Strengths: characteristics of the business or project that give it an advantage over others.
Weaknesses: characteristics of the business that place the business or project at a disadvantage relative to others.
Opportunities: elements in the environment that the business or project could exploit to its advantage.
Threats: elements in the environment that could cause trouble for the business or project.
The first step is to identify the strengths of the process, people and products as it relates to the improvement initiative. Identify both tangible and intangible factors; not situational strengths but rather factors over which you can control. The key here is ‘control’ and means internal factors. It usually means internal to the organization but when improving processes, it can be internal to a business unit, department, geographic location, etc.

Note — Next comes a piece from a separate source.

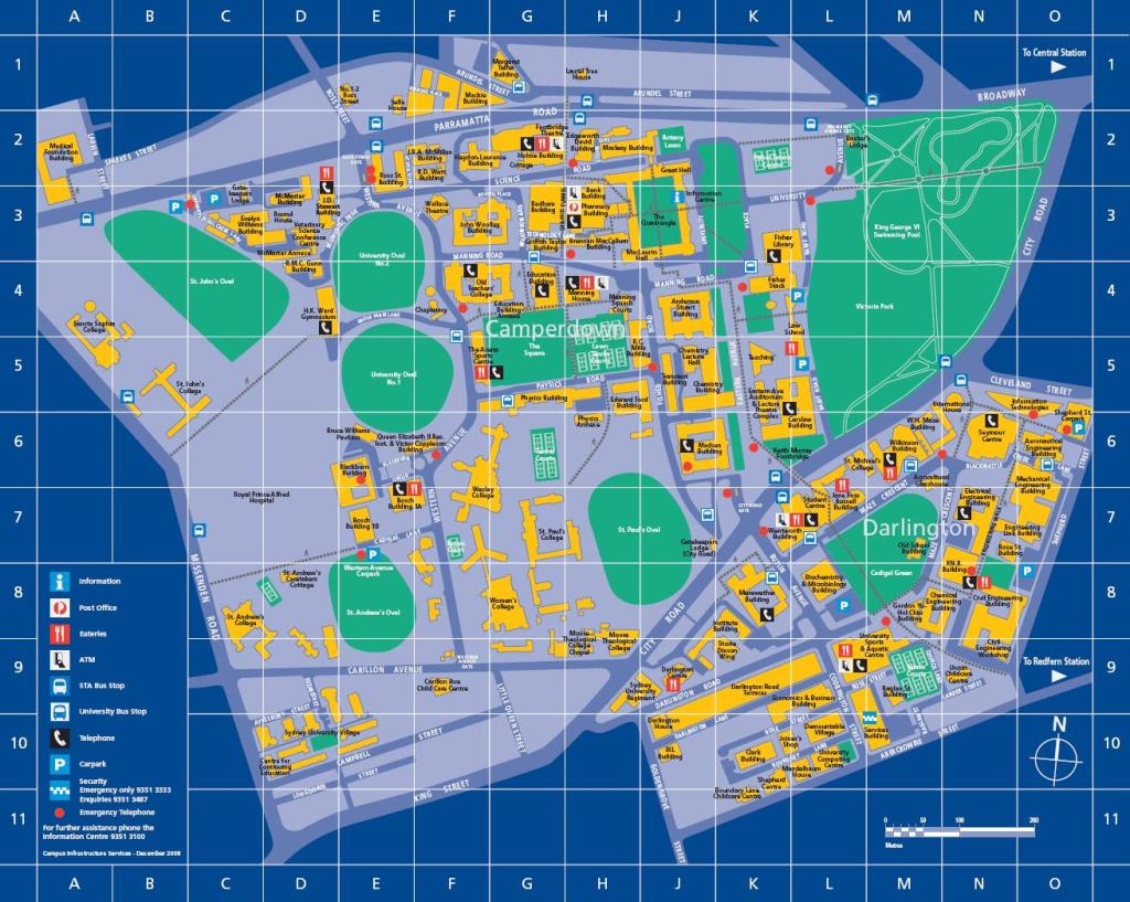 A plan of Sydney University itself. It shows Victoria Park, a green triangle on the upper left; the historic buildings to the right of Victoria Park; the colleges on the right filling up half the map; and the engineering quarter on the other side of City Road, marked “Darlington” on the plan.

Second step is and in a similar fashion, look at the weaknesses of process, people and products. Weaknesses are factors that are within your control that detract from delivering value without significant waste. Ask: why are we doing this project?

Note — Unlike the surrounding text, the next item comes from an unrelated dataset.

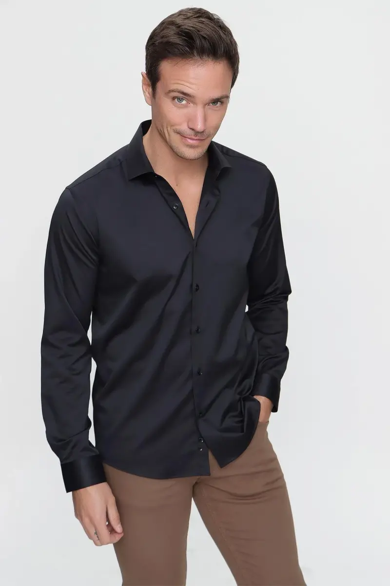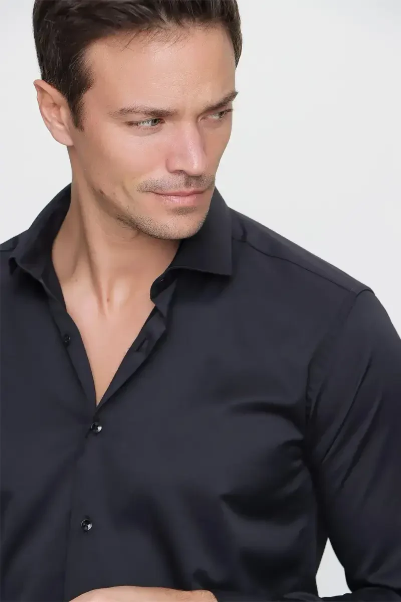 Black Slim Fit Straight Stiff Collar Easy Ironing Long Sleeve Shirt is a timeless piece that should be in the wardrobe of the modern man. Combining both elegance and practicality, this shirt is ready to accompany you in any environment, from your special occasions to business meetings. Thanks to its slim fit cut that fits your body, this shirt creates an elegant silhouette and increases your self-confidence. The straight and stiff collar is suitable for use with or without a tie, offering a well-groomed and professional look at all times. Thanks to the special texture of its fabric, it is easy to iron, thus saving you time in your busy schedule. The long-sleeved design offers an ideal use in seasonal transitions and cool weather, while preventing you from sacrificing your elegance. Combining the elegance of black and the harmony of modern cut, this shirt is a candidate to be indispensable for stylish men. This shirt not only offers a stylish look, but also provides a comfortable wearing experience. Thanks to its high-quality fabric, you will feel comfortable all day long. Its non-sweating and breathable structure provides you with an advantage, especially on long and busy days. The stitching details of the shirt are carefully designed for long-lasting use. The buttons are selected in accordance with the quality of the fabric and complement the overall aesthetics of the shirt. This shirt will be one of the basic pieces of your wardrobe and will easily match with different combinations. Whether you combine it with a classic suit or a daily jean, it always ensures you look stylish and well-groomed. Presented with a special gift box, it offers a meaningful and useful gift option that you can give to your loved ones. Reflect your style with the Black Slim Fit Straight Stiff Collar Easy Ironing Long Sleeve Shirt and attract attention in any environment. This shirt is an excellent option that meets the needs of the modern man and complements his style. With this special piece that should be in your wardrobe, always feel stylish and confident.Product DescriptionBlack Slim Fit Straight Stiff Collar Easy Ironing Long Sleeve Shirt is a timeless piece that should be in the wardrobe of the modern man. Combining both elegance and practicality, this shirt is ready to accompany you in any environment, from your special occasions to business meetings. Thanks to its slim fit cut that fits your body, this shirt creates an elegant silhouette and increases your self-confidence. The straight and stiff collar is suitable for use with or without a tie, offering a well-groomed and professional look at all times. Thanks to the special texture of its fabric, it is easy to iron, thus saving you time in your busy schedule. The long-sleeved design offers an ideal use in seasonal transitions and cool weather, while preventing you from sacrificing your elegance. Combining the elegance of black and the harmony of modern cut, this shirt is a candidate to be indispensable for stylish men. Thanks to its high-quality fabric, you will feel comfortable all day long. Its non-sweating and breathable structure provides you with an advantage, especially on long and busy days. The stitching details of the shirt are carefully designed for long-lasting use. The buttons are selected in accordance with the quality of the fabric and complement the overall aesthetics of the shirt. Presented with a special gift box, it offers a meaningful and useful gift option that you can give to your loved ones.Product Features* Slim Fit Cut* Straight and Stiff Collar* Easy Ironing Fabric* Long Sleeve Design* High Quality Fabric* Breathable Structure* Stylish Button Details* Careful Stitching Workmanship* Gift Boxed Packaging* Black ColorAdditional InformationTo use your shirt for a long time, follow the washing instructions on the label. Wash with dark colored clothes. Your product will be sent in a gift box.

Third steps is to switch to the opportunities. What is the targeted improvement? What opportunity are you trying to seize? Why are you doing this now? These questions will help identify the key opportunities. In the traditional SWOT, the opportunities portion of the analysis usually refers to external opportunities. In process improvement initiatives, it can be this or internal opportunities as well.
And last . . . address the threats. Ask: what will happen if this process (or product) is not improved. What will be, or has been, the consequences of not improving the situation. Be specific and as detailed as possible. This also is traditionally external threats but as with the opportunities, it can be this or internal threats to the organization.
SWOT analysis aims to identify the key internal and external factors seen as important to achieving an objective. SWOT analysis groups key pieces of information into two main categories:
- Internal factors — the strengths and weaknesses internal to the organization
- External factors — the opportunities and threats presented by the environment external to the organization
The organization can only act on strengths and weaknesses. The ultimate goal of the SWOT Matrix is to determine exactly how best to utilize your strengths to maximize opportunities and get rid of threats. On the other hand, it serves to determine actions so that your weaknesses do not destroy the opportunities or, worst, become even more destructive threats.
Try to avoid complexity and don’t over analyze things. It’s good to keep your SWOT analysis short and simple. Definitely build different strategies and options based on your SWOT analysis.
Quote to live by:
It is important to know the art of strengthening your strengths
which would enable to weaken your weaknesses
and also lay the foundation for availing the opportunities
and negating the threats that come your way. V Munsif.